* **YOUR ASSIGNMENT**:
Output only the lines below that start at the line containing "or eating, because" and end at the line containing "Yellow Bellied Toad", with both ends kept.

* **RECORDS FOR PROCESSING**:
· · · · · · ·

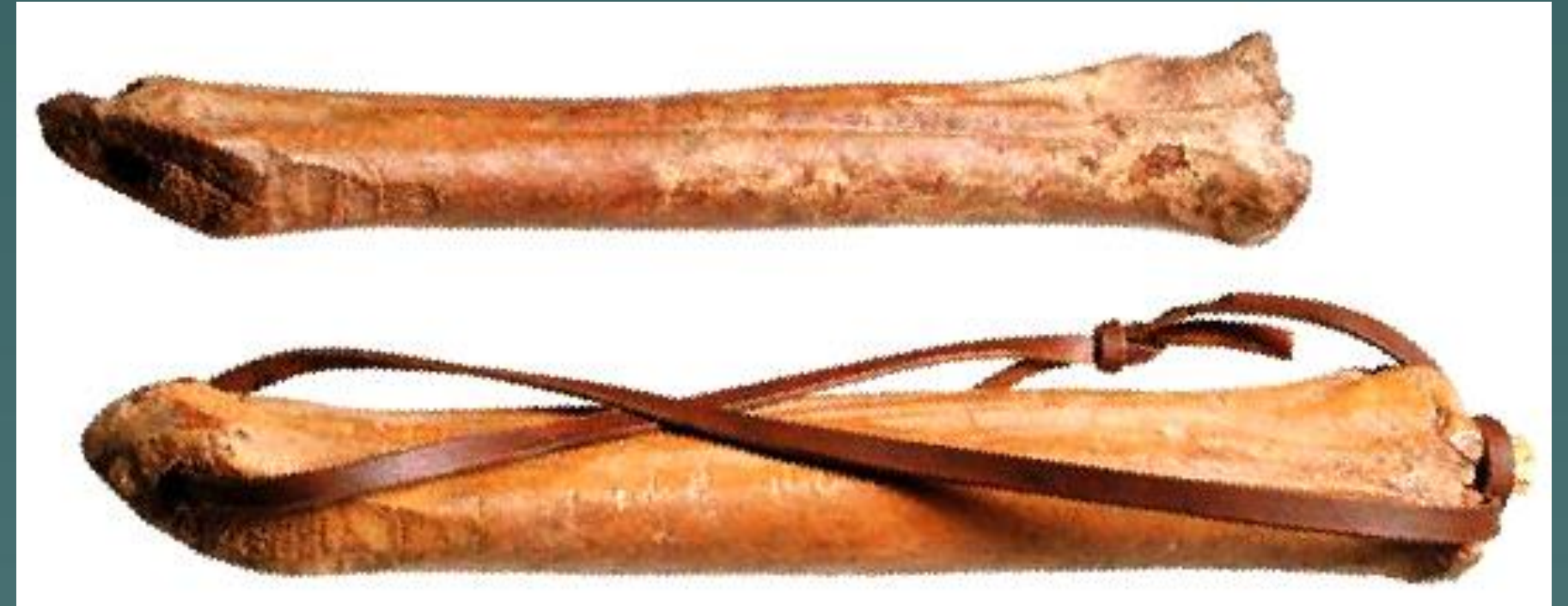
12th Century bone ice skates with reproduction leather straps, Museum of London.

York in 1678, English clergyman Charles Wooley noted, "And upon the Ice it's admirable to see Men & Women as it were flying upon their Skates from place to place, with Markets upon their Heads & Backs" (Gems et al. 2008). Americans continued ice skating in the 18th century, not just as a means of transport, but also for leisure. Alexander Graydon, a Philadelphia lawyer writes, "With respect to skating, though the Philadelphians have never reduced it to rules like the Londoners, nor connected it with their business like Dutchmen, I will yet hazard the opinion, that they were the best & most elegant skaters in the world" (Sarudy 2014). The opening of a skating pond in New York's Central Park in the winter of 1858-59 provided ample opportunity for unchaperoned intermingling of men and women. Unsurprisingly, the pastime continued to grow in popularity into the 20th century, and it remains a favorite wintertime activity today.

· · · · · · ·

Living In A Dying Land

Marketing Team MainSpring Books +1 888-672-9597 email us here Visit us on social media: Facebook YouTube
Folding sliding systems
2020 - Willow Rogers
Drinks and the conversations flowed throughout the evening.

· · · · · · ·

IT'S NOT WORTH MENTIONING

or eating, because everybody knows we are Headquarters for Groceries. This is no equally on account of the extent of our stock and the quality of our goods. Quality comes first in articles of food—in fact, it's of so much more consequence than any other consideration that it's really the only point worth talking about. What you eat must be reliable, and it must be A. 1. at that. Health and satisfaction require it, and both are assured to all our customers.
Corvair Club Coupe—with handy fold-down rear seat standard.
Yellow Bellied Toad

· · · · · · ·

* **YOUR RESPONSE**:
or eating, because everybody knows we are Headquarters for Groceries. This is no equally on account of the extent of our stock and the quality of our goods. Quality comes first in articles of food—in fact, it's of so much more consequence than any other consideration that it's really the only point worth talking about. What you eat must be reliable, and it must be A. 1. at that. Health and satisfaction require it, and both are assured to all our customers.
Corvair Club Coupe—with handy fold-down rear seat standard.
Yellow Bellied Toad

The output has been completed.